“Clímax”: uma (nova) experiência sensorial de Gaspar Noé
Onde acaba a provocação e começa o conteúdo? Terá a arte de produzir conteúdo, ou sequer conter significado ou é-lhe bastante a sua concepção per si? A crítica de Cinema, ou a sua comunidade, quase “persegue” alguns dos enfants terribles do Cinema, retirando-lhes crédito por as suas obras não acompanharem, por vezes, um significado, uma linha clara de condução. O que não conseguimos qualificar assusta-nos e, por defeito ou feitio, temos a tendência a repelir o que não entendemos.
Mas, e o que não tem de ser entendido? E a experiência vivida enquanto tal? Gaspar Noé é já um dos irredutíveis habituais neste debate, mas provavelmente terá conseguido com este Clímax o seu filme mais consensual em todos os aspectos, muito por culpa de se ter mantido longe de uma frivolidade que acompanhava Love, e se ter reaproximado da viagem que é Enter The Void.
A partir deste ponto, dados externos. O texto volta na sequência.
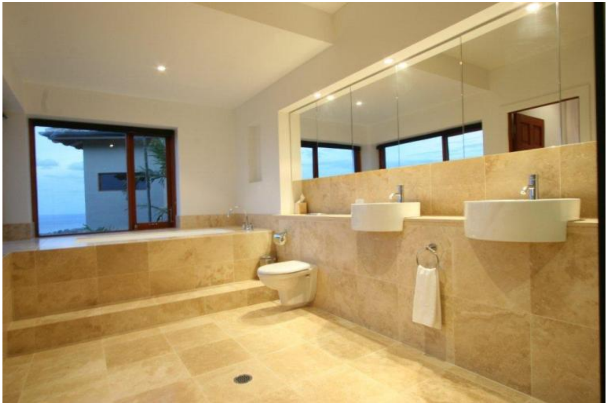
Guest Bath II
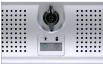
Thumb Lock Convenient to operate or protect the system
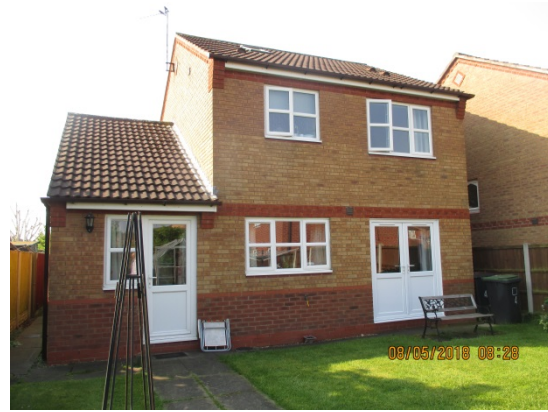
North (rear) elevation
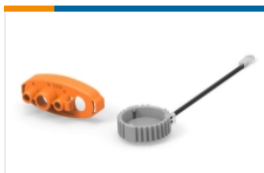
Connector Caps & Covers(34)
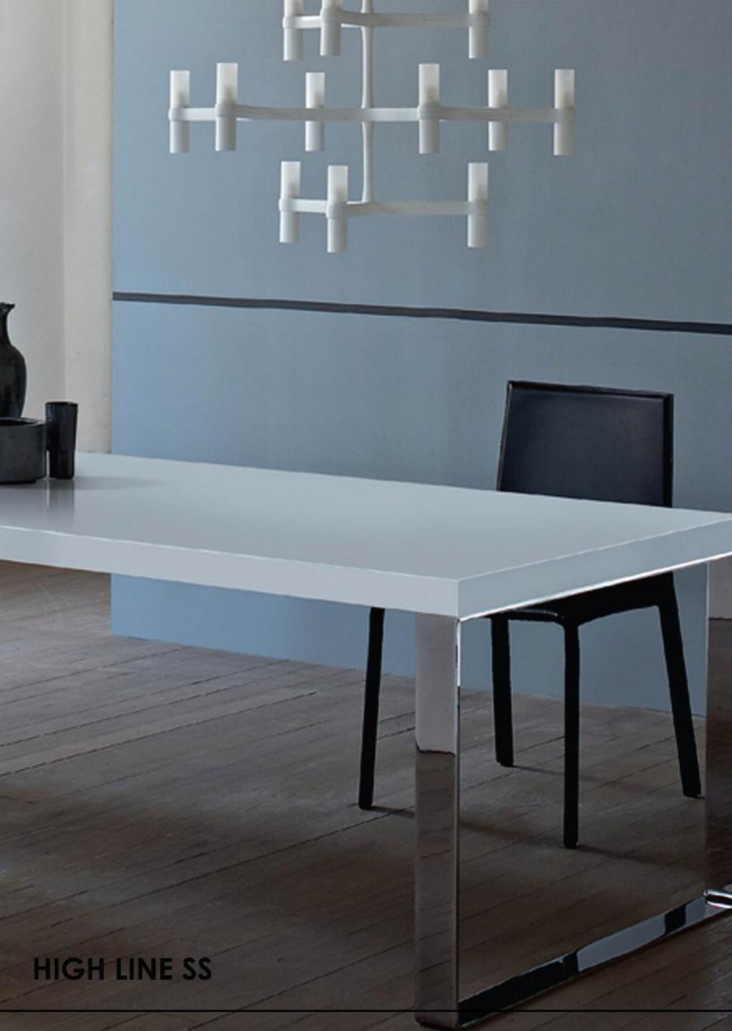
HIGH LINE SS
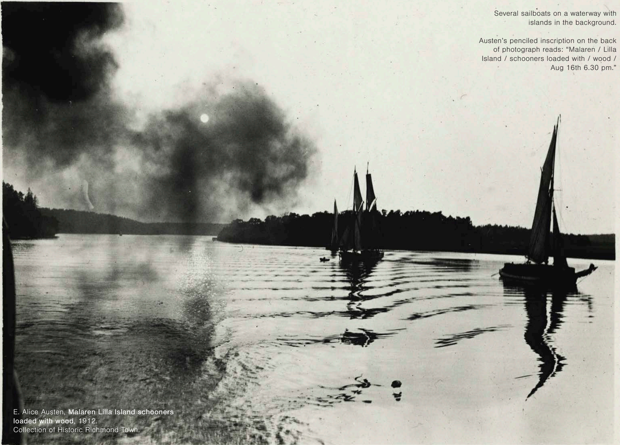
E. Alice Austen, Malaren Lilla Island schooners loaded with wood, 1912.

Austen's penciled inscription on the back of photograph reads: "Malaren / Lilla Island / schooners loaded with / wood / Aug 16th 6.30 pm."
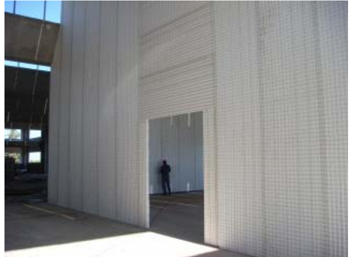
Tebo Industrial Plant

The same building approach, used in Ozzano and San Lazzaro for residential and industrial buildings, is applicable for any kind of public and private buildings.

Clímax acompanha uma espiral de loucura alucinatória de um grupo de dançarinos fechados num ginásio ao som de uma banda sonora endiabrada naquela que é, para o espectador, uma experiência sensorial, sobretudo. Uma mistura de sexo, pornografia, drogas e loucura, meticulosamente estruturadas numa coreografia apoteótica. Enquanto Irrevérsible digladiava com a sua própria estrutura (cronologia inversa, nem sempre bem conseguida por Gaspar Noé), e os filmes mais recentes levavam a debater sobre o seu próprio conteúdo, é este Clímax, um filme que de uma teórica construção leva a uma desconstrução, que retiramos a obra mais coesa do autor francês.
A história é supostamente verdadeira, mas os nomes são outros. Ocorrido em 1996, este evento onde um grupo de dançarinos se juntam para dançar, conviver e gravar descamba com LSD na sangria que servia de bebida espiritual à festa. É o mote para que à tal construção se sobreponha uma desconstrução, numa cadeia de acontecimentos que se desenrola à medida que o LSD nos toma conta do raciocínio e os instintos deixam de ser ponderados, passando ao estado primitivo. Sem qualquer filtro entre o sexo e violência, a ambição pelo contacto seja ele de forma agressiva ou apaixonada, numa quase obsessão ou de desejo de possessão, Clímax é um festim para os olhos, para os ouvidos, e para o desejo.
Os planos sequência, a câmara invertida e o legado de um profissional provocador como é Noé estão lá todos. A leitura não é fácil, nem muito menos a definição do sentido ou orientação da obra. A espiral é destrutiva, o resultado é o que se pensa conseguir prever de uma obra que nasce de um desejo quase anárquico, mas ainda assim resulta num coreografado e bem conseguido resultado. Trata-se portanto de um dos filmes mais bem conseguidos em todos os aspectos, menos nos de representação de actores, mas não foi com esse sentido que o filme foi criado.
Num plano central da história temos sempre Selva (irónico?) com a elegante e selvagem (teria de se usar esta descrição) Sofia Boutella. O diálogo parte de uma sinopse dada por Gaspar a todos os actores e dançarinos. O importante não é o que é dito, mas sim o que é feito e a forma como é levado e transportado ao público por eles. Segundo o autor, foram apenas dados os motes de conversa, o necessário ao desenvolvimento e acção. O resto – e é aí que está a magia – sai directamente da natureza humana. Primária, selvática, louca, sexual e portanto, todos os condimentos que Gaspar Noé sempre ambicionou colocar numa obra sua, mas nem sempre da melhor forma. Até agora. Um videoclip musical e intratável, com tudo aquilo que o ser humano é.